8 S.W.2d 555 | Tex. App. | 1928

The suit was brought by Eliza Kempner against T. A. Pinkerton to recover upon a promissory note dated January 5, 1920, for the principal sum of $335. The note is signed by T. A. Pinkerton, and obligates the maker to pay the same "to the order of H. Kempner." Plaintiff's pleading declares:

"Said Kempner delivered said note to this plaintiff, and she is now, and was at the date of the filing of the original petition herein, the legal and equitable owner and holder of said note, and entitled to recover thereon according to its tenor and terms."

The judgment of the trial court was for plaintiff, and defendant appeals.

Complaint is made that the judgment of the trial court was erroneous, because (1) the *556 court erred in admitting the note in evidence over the objection of the defendant; (2) the court erred in rendering judgment upon the note; and (3) the court erred in his finding of fact to the effect that plaintiff was the owner and holder of the note sued upon. The grounds of error urged in support of each of the three assignments are the same, namely: The note was not specially indorsed to plaintiff, nor was it indorsed in blank, nor was any proof offered by plaintiff to show ownership by plaintiff of said note.

All of the assignments are sustained. It appears that the note payable to the order of H. Kempner was not specially indorsed to plaintiff, nor indorsed in blank, and no evidence whatever was introduced to show that the plaintiff was, in fact, the owner of the note. The note in question is a negotiable instrument. R.S. 1925, art. 5934, declaring (in part) the law governing negotiable instruments, provides that, if a negotiable instrument is payable to order, it is negotiated by the indorsement of the holder, completed by delivery. Section 30. Article 5948 provides that:

"`Holder' means the payee or indorsee of a bill or note, who is in possession of it, or the bearer thereof."
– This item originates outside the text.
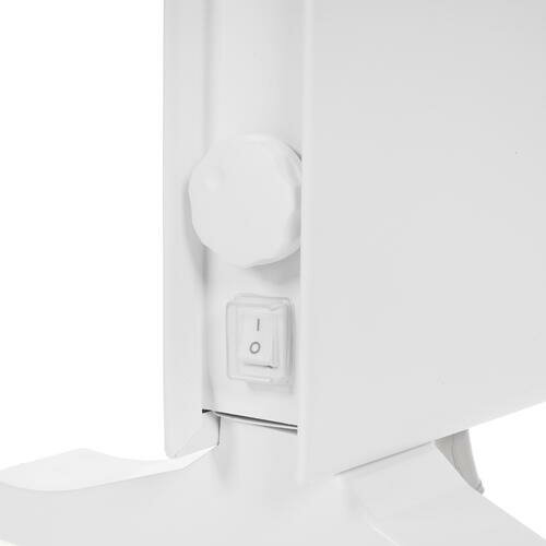 Есть какой-то регулятор мощности, крутится, но вроде бы он ступенчатый. Белый, аккуратный. Если снять заднюю панель, можно повесить на стену. Монолитный (кроме задней панели). |

These statutes indicate that the Negotiable Instruments Act made no change in the there-tofore existing rule having application to the question under consideration.

In Ross v. Smith, 19 Tex. 171, 70 Am.Dec. 327, the Supreme Court declared the law applicable to the state of facts before us. As said by the court in that case:

"The note was not indorsed specially to the plaintiff, nor was it indorsed in blank; and the only question is whether the mere possession, without proof of a bona fide assignment or transfer, either by parol or writing, was prima facie evidence of ownership."

The court, after declaring that bills and notes payable to bearer, or payable to order and indorsed in blank, are such that the legal right thereto is passed by delivery, and possession constitutes prima facie evidence of right to such property, further declares that such is not the rule with reference to instruments not negotiable, or which do not pass the legal right by delivery. In making application of this distinction the court further says:

"A third person, not a party to such note, must show by what right he claims to recover from the debtor, or in other words that he holds under a bona fide assignment, valid in law, from the owner of the note."

The principle of this rule seems to be that, in executing a note, the parties thereto contract what shall constitute prima facie evidence of the right of one in possession thereof to demand and inforce payment. In the absence of indorsement of some kind, the presumption obtains that the payee is the owner of the note. It follows, of course, that a plaintiff, with such a presumption against him, is not entitled to demand payment.

The case is somewhat similar to a showing of an outstanding title. The note, therefore, was not admissible in evidence over the objection of the defendant, nor did it, when introduced, furnish the necessary evidence to support a judgment in favor of the plaintiff, and the finding of the trial court that plaintiff was the owner of the note was without evidence to support it.

The judgment of the trial court will therefore be reversed, and the cause remanded.